Dosage and administration

  • Inside, once a day, without chewing, with plenty of water. The tablets may be taken at any convenient time, regardless of meals.
  • Oedema syndrome in chronic heart failure
    The usual starting dose is 10-20 mg once a day. If necessary, the dose may be doubled until the desired effect is obtained.
  • Edema syndrome in kidney disease
    The usual starting dose is 20 mg once a day. If necessary, the dose may be doubled until the desired effect is achieved.

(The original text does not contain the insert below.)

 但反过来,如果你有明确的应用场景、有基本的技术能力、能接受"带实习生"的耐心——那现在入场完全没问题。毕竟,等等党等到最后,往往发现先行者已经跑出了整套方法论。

  • Oedema syndrome in liver disease
    The usual starting dose is 5-10 mg once daily. If necessary, the dose may be doubled until the desired effect is obtained.

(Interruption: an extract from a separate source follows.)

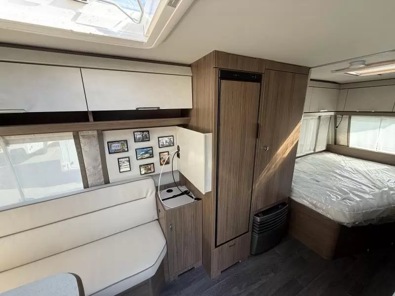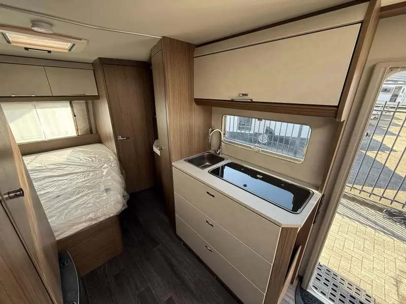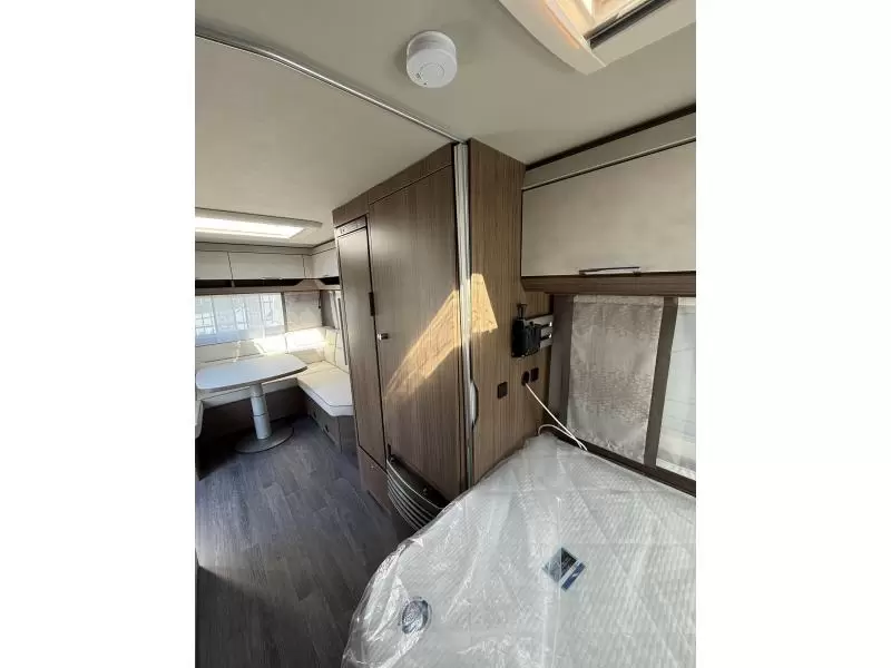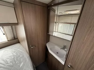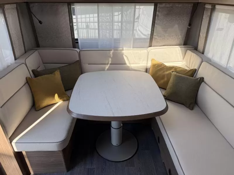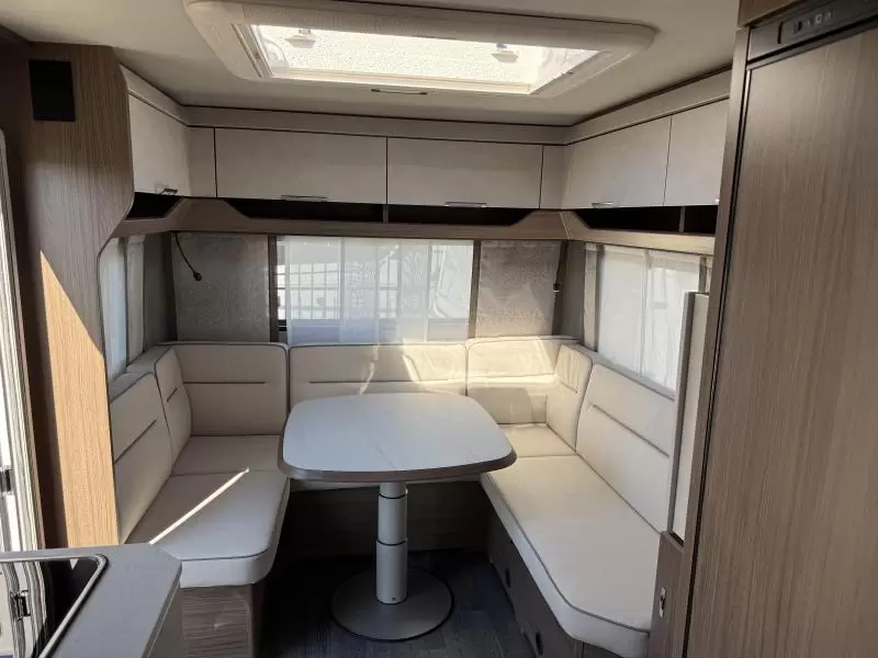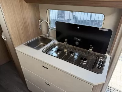 De riante rondzit is ideaal om gezellig aan te eten en te drinken, maar kan ook als extra slaapplaats dienen. Het keukenblok is centraal in de caravan gemonteerd en is onder anderen uitgerust met een 3-pits gascomfoor, spoelbak en kraan. Er is een boiler aanwezig, die u van warm water voorziet. De koelkast (142 liter) met vriesvak biedt voldoende ruimte voor heel uw voorraad.

  • Maximum single dose is 40 mg, it is not recommended to exceed it (no experience of use).
  • The drug is used for a long period or until the edema disappears.
  • Arterial hypertension
    The initial dose is 2.5 mg (1/2 tablet of 5 mg) once a day. If there is no therapeutic effect within 4 weeks, the dose is increased to 5 mg once daily. In the absence of adequate reduction of blood pressure when administered in a dose of 5 mg once daily for 4-6 weeks, the dose is increased to 10 mg once daily. If the 10 mg dose does not give the desired effect, a hypotensive drug of another group should be added to the treatment regimen.
  • No dose adjustment is required in elderly patients.